You are viewing a plain text version of this content. The canonical link for it is here.
Posted to issues@beam.apache.org by "Valentyn Tymofieiev (JIRA)" <ji...@apache.org> on 2019/03/05 05:22:00 UTC

[jira] [Commented] (BEAM-6748) Splitting logic in Avro IO tests behaves unexpectedly in Python 3

    [ https://issues.apache.org/jira/browse/BEAM-6748?page=com.atlassian.jira.plugin.system.issuetabpanels:comment-tabpanel&focusedCommentId=16784093#comment-16784093 ] 

Valentyn Tymofieiev commented on BEAM-6748:
-------------------------------------------

I suspect the problem here  may be with the test.

Adding some debug output  at  [https://github.com/apache/beam/blob/af2e5bd8a42ea0eb7ce12ea29b8a32757accc197/sdks/python/apache_beam/io/avroio.py#L465 |https://github.com/apache/beam/blob/af2e5bd8a42ea0eb7ce12ea29b8a32757accc197/sdks/python/apache_beam/io/avroio.py#L465.], we can see that the on Python 3 block.size is roughly 16000 (bytes?), while on Python 2 it is roughly 64000.  Exact numbers slightly vary, but it think there is some implementation detail in fastavro library that on Python 2 makes a default block size to be <=64k, and on Python 3 <=16k.

So on Python 3 we have 3 blocks total, while on Python 3 we have 11 blocks.

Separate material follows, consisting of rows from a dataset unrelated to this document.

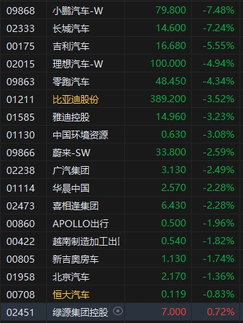 3月25日消息,港股三大指數(shù)集體收跌,截至收盤,恒生指數(shù)(23344.25, -561.31, -2.35%)跌2.35%,報23344.25點(diǎn),恒生科技指數(shù)(5517.52, -219.31, -3.82%)跌3.82%,國企指數(shù)跌2.65%。盤面上,科網(wǎng)股全線下跌,小米集團(tuán)跌超6%,嗶哩嗶哩、美團(tuán)跌超4%,京東集團(tuán)、阿里巴巴、快手跌超3%,騰訊控股(502, -11.00, -2.14%)跌超2%;汽車股普遍下跌,小鵬汽車跌超7%;航空股沖高回落,中國東方航空股份(2.7, 0.10, 3.85%)漲超3%。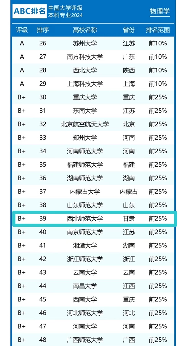 伟德国际1946物理学入选2024年ABC中国大学物理专业排名前25%
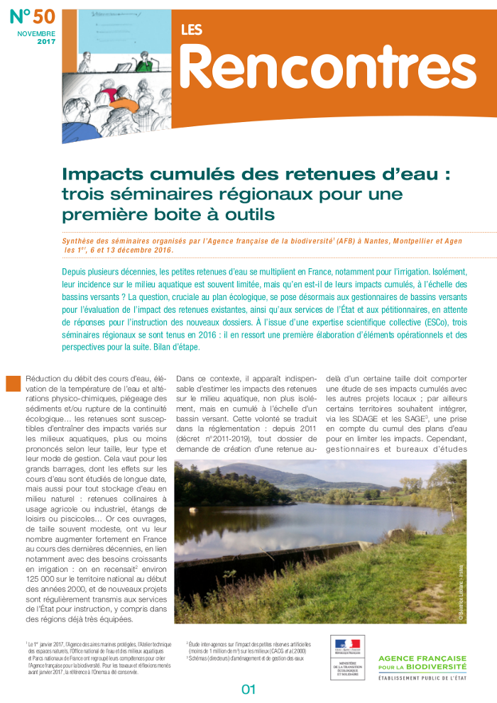 Les petites retenues d’eau se multiplient en France. Isolément, leur incidence sur le milieu aquatique est souvent limitée, mais qu’en est-il de leurs impacts cumulés, à l’échelle des bassins versants ? La question, cruciale au plan écologique, se pose aux gestionnaires de bassins versants, ainsi qu’aux services de l’État et aux pétitionnaires, en attente de réponses pour l’instruction des nouveaux dossiers. À l’issue d’une expertise scientifique collective, 3 séminaires régionaux ont eu lieu en 2016 : il en ressort une 1re élaboration d’éléments opérationnels et des perspectives pour la suite. Bilan d’étape.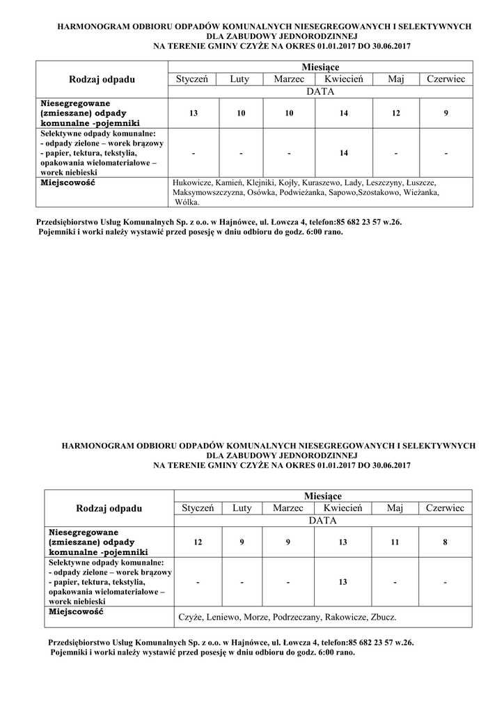 HARMONOGRAM ODBIORU ODPADÓW KOMUNALNYCH NIESEGREGOWANYCH I SELEKTYWNYCH DLA ZABUDOWY JEDNORODZINNEJ NA TERENIE GMINY CZYŻE NA OKRES 01.01.2017 DO 30.06.2017 Rodzaj odpadu Niesegregowane (zmieszane) odpady komunalne -pojemniki Selektywne odpady komunalne: - odpady zielone – worek brązowy - papier, tektura, tekstylia, opakowania wielomateriałowe – worek niebieski Miejscowość Miesiące Marzec Kwiecień DATA Styczeń Luty 13 10 10 - - - Maj Czerwiec 14 12 9 14 - - Hukowicze, Kamień, Klejniki, Kojły, Kuraszewo, Lady, Leszczyny, Łuszcze, Maksymowszczyzna, Osówka, Podwieżanka, Sapowo,Szostakowo, Wieżanka, Wólka. Przedsiębiorstwo Usług Komunalnych Sp. z o.o. w Hajnówce, ul. Łowcza 4, telefon:85 682 23 57 w.26. Pojemniki i worki należy wystawić przed posesję w dniu odbioru do godz. 6:00 rano. HARMONOGRAM ODBIORU ODPADÓW KOMUNALNYCH NIESEGREGOWANYCH I SELEKTYWNYCH DLA ZABUDOWY JEDNORODZINNEJ NA TERENIE GMINY CZYŻE NA OKRES 01.01.2017 DO 30.06.2017 Rodzaj odpadu Niesegregowane (zmieszane) odpady komunalne -pojemniki Selektywne odpady komunalne: - odpady zielone – worek brązowy - papier, tektura, tekstylia, opakowania wielomateriałowe – worek niebieski Miejscowość Miesiące Marzec Kwiecień DATA Styczeń Luty 12 9 9 - - - Maj Czerwiec 13 11 8 13 - - Czyże, Leniewo, Morze, Podrzeczany, Rakowicze, Zbucz. Przedsiębiorstwo Usług Komunalnych Sp. z o.o. w Hajnówce, ul. Łowcza 4, telefon:85 682 23 57 w.26. Pojemniki i worki należy wystawić przed posesję w dniu odbioru do godz. 6:00 rano. HARMONOGRAM ODBIORU ODPADÓW KOMUNALNYCH SELEKTYWNYCH DLA NA TERENIE GMINY CZYŻE NA OKRES OD 01.01.2017 r. DO 30.06.2017r. Rodzaj odpadu Tworzywa sztuczne, metale-pojemniki Szkło – pojemniki Miejscowość Styczeń Luty Marzec Miesiące Kwiecień Data Maj Czerwiec 2 1 1 4 2,16 6,20 11 8 8 5 10 13 Gmina Czyże

The test assumes that there are always 3 blocks: blocks: [https://github.com/apache/beam/blob/af2e5bd8a42ea0eb7ce12ea29b8a32757accc197/sdks/python/apache_beam/io/avroio_test.py#L302.] 

[~chamikara], do you know how does fastavro.read.block_reader selects block size? Are there any requirements or guarantees that dictate a certain size, or it may be implementation/platform-dependent?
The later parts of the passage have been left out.